He looks up but doesn’t put down his phone. “What do you want to know?” he asks.

Angie shrugs. “How’d you catch it? You would have been a little kid, right? I thought Duraludon were hard pokemon to work with.”

He smiles, and goes back to fiddling with his phone. “I was ten,” he tells her. “I found her out in the rain on Route 6, just outside Stow-On-Side – I grew up there, my family all live over that way – and …well, I like to say she knew I’d be a great trainer, but she probably just thought being caught was better than being stuck there any longer.”

“Duraludon don’t like the rain?”

“No,” Raihan says and straightens a little in his seat. “Their bodies rust easily in damp places. That’s why they usually live underground. I don’t know why mine was stuck out in the rain – I think maybe she came up looking for food or something and got stuck out there, and by the time I found her, she was weak enough that I could just catch her.”

“Was she hard to train?” Angie asks, genuinely curious.

“Nah, my sister helped,” Raihan answers. “And she took months to recover, so we had time to get to know each other before she got real difficult. She’s the ace in all of my teams now, so I guess it didn’t turn out too badly.”

“There’s not many kids who can pull that sort of trick off,” Angie says thoughtfully, and if he hears the indirect compliment in it, he doesn’t react. “I do a lot of training for other people, and I couldn’t even tell you how many pokemon I’ve worked with who were just given to kids or caught by them when they didn’t know how to handle them properly.”

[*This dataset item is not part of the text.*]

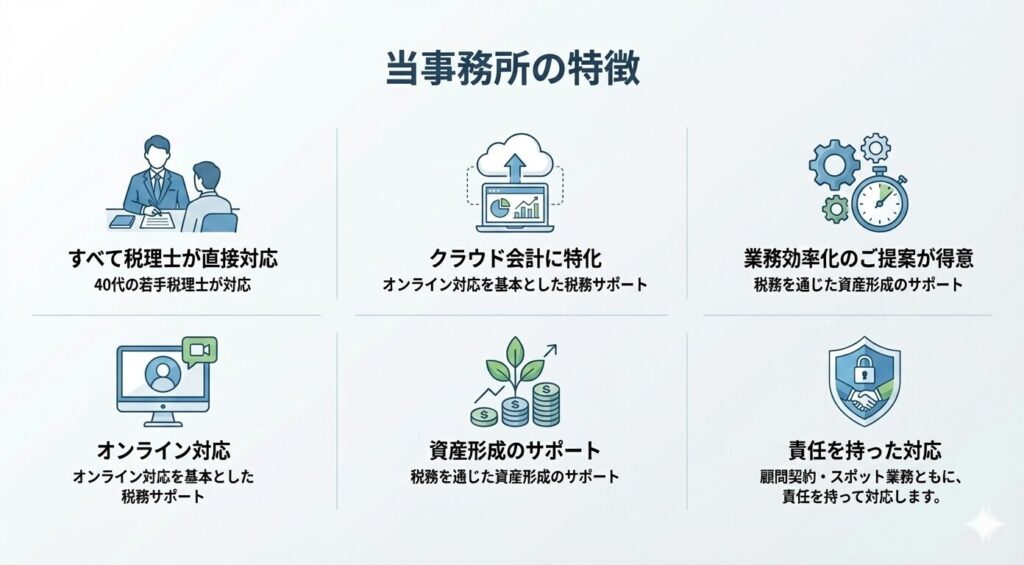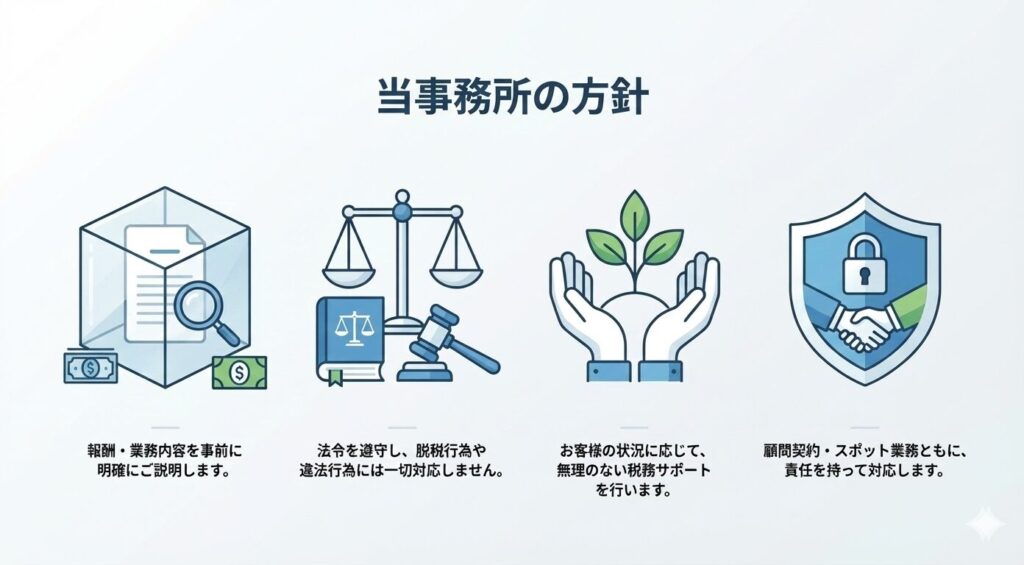 税務は専門性が高く、分かりにくい分野だからこそ、「何を、どこまで、いくらで依頼できるのか」を明確にし、安心してご相談いただける税理士事務所であることを大切にしています。

“You train _other people’s_ pokemon?” Raihan looks at her like she’s crazy, like he’s never heard such a thing before. “You can be a trainer in Sinnoh without training your own pokemon?”

“If you’re rich, you can be,” Angie informs him flippantly. “It’s not like, normal trainers who are going for their gym badges; more like, rich people who want a bit of experience in their pokemon for their weekend battling club, or kids and their pokemon who aren’t really growing together, or pokemon that have been handled wrong, like my Gengar.”

“What’s up with your Gengar?” he asks. “You said before he’s not…friendly?”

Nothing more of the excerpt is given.